Any chance of Qwen Image Edit quants?
Any chance of Qwen Image Edit quants?
There are some from QuantStack, but the quality seems quite low at <= Q3. Maybe they're not using the "new dynamic logic where the first/last layer is kept in high precision" technique.
Edit: I should mention that your set of quants is great and gives really good results even down at Q3.
Closing because I see the metadata has the same structure in the QuantStack quants, so that's probably not the issue.
Yeah, I think those are also created with the latest code, which has the dynamic logic enabled by default for Qwen Image.
Might try and see if it can be improved for the edit model, though (iirc I was seeing something similar with the I2V wan model before, where it was more sensitive to quantization than the T2V so who knows)

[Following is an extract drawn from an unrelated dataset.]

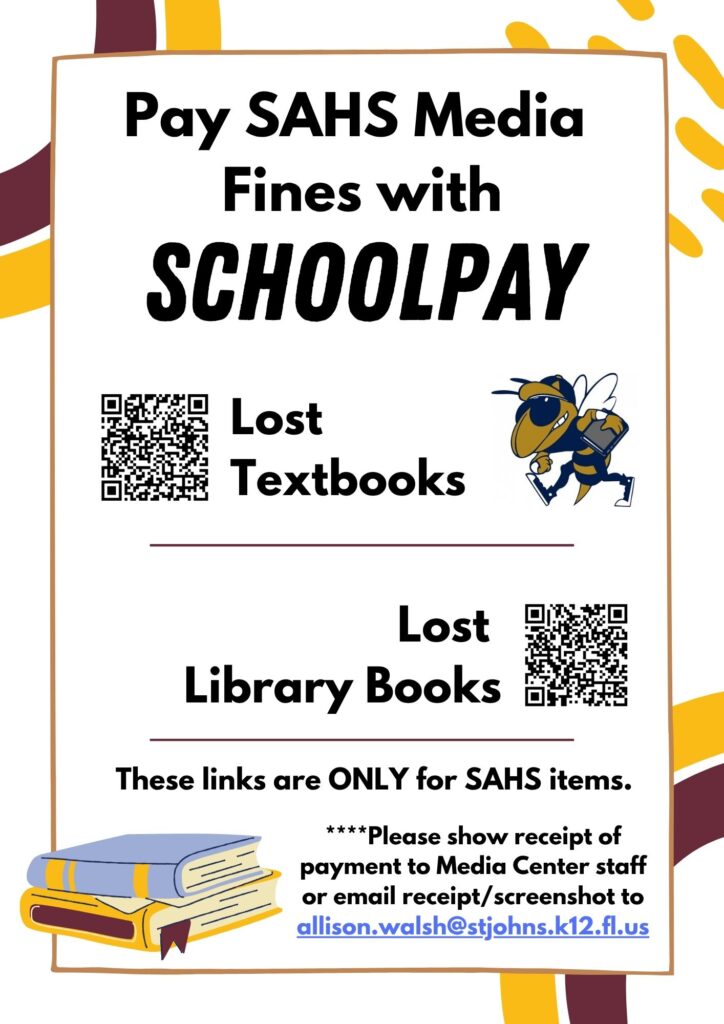 Click on this SchoolPay link for Lost or Damaged LIBRARY MATERIALS & BOOKS, and AICE Textbooks: https://www.schoolpay.com/pay/for/LostDamaged-Library-Books-20252026/S3V2Mu

for image-edit 2509, did a fist test, have to redo with all models but clean image on Q2_K quant:
// first/last block high precision test
if (arch == LLM_ARCH_QWEN_IMAGE){
if (
(name.find("transformer_blocks.0.") != std::string::npos) ||
(name.find("transformer_blocks.59.") != std::string::npos) // this should be dynamic
) {
if (ftype == LLAMA_FTYPE_MOSTLY_Q2_K ||
ftype == LLAMA_FTYPE_MOSTLY_Q3_K_S ||
ftype == LLAMA_FTYPE_MOSTLY_Q3_K_M ||
ftype == LLAMA_FTYPE_MOSTLY_Q3_K_L ||
ftype == LLAMA_FTYPE_MOSTLY_Q4_0 ||
ftype == LLAMA_FTYPE_MOSTLY_Q4_1 ||
ftype == LLAMA_FTYPE_MOSTLY_Q4_K_S ||
ftype == LLAMA_FTYPE_MOSTLY_Q4_K_M) {
new_type = GGML_TYPE_Q5_K; // Minimum Q5_K for low quants
}
else if (ftype == LLAMA_FTYPE_MOSTLY_Q5_K_M) {
new_type = GGML_TYPE_Q6_K;
}
}
}
did the trick, further testing...
for image-edit 2509, did a fist test, have to redo with all models but clean image on Q2_K quant:
// first/last block high precision test if (arch == LLM_ARCH_QWEN_IMAGE){ if ( (name.find("transformer_blocks.0.") != std::string::npos) || (name.find("transformer_blocks.59.") != std::string::npos) // this should be dynamic ) { if (ftype == LLAMA_FTYPE_MOSTLY_Q2_K || ftype == LLAMA_FTYPE_MOSTLY_Q3_K_S || ftype == LLAMA_FTYPE_MOSTLY_Q3_K_M || ftype == LLAMA_FTYPE_MOSTLY_Q3_K_L || ftype == LLAMA_FTYPE_MOSTLY_Q4_0 || ftype == LLAMA_FTYPE_MOSTLY_Q4_1 || ftype == LLAMA_FTYPE_MOSTLY_Q4_K_S || ftype == LLAMA_FTYPE_MOSTLY_Q4_K_M) { new_type = GGML_TYPE_Q5_K; // Minimum Q5_K for low quants } else if (ftype == LLAMA_FTYPE_MOSTLY_Q5_K_M) { new_type = GGML_TYPE_Q6_K; } } }
did the trick, further testing...
so simply a bit higher with first last block? That would be rather easy, nice!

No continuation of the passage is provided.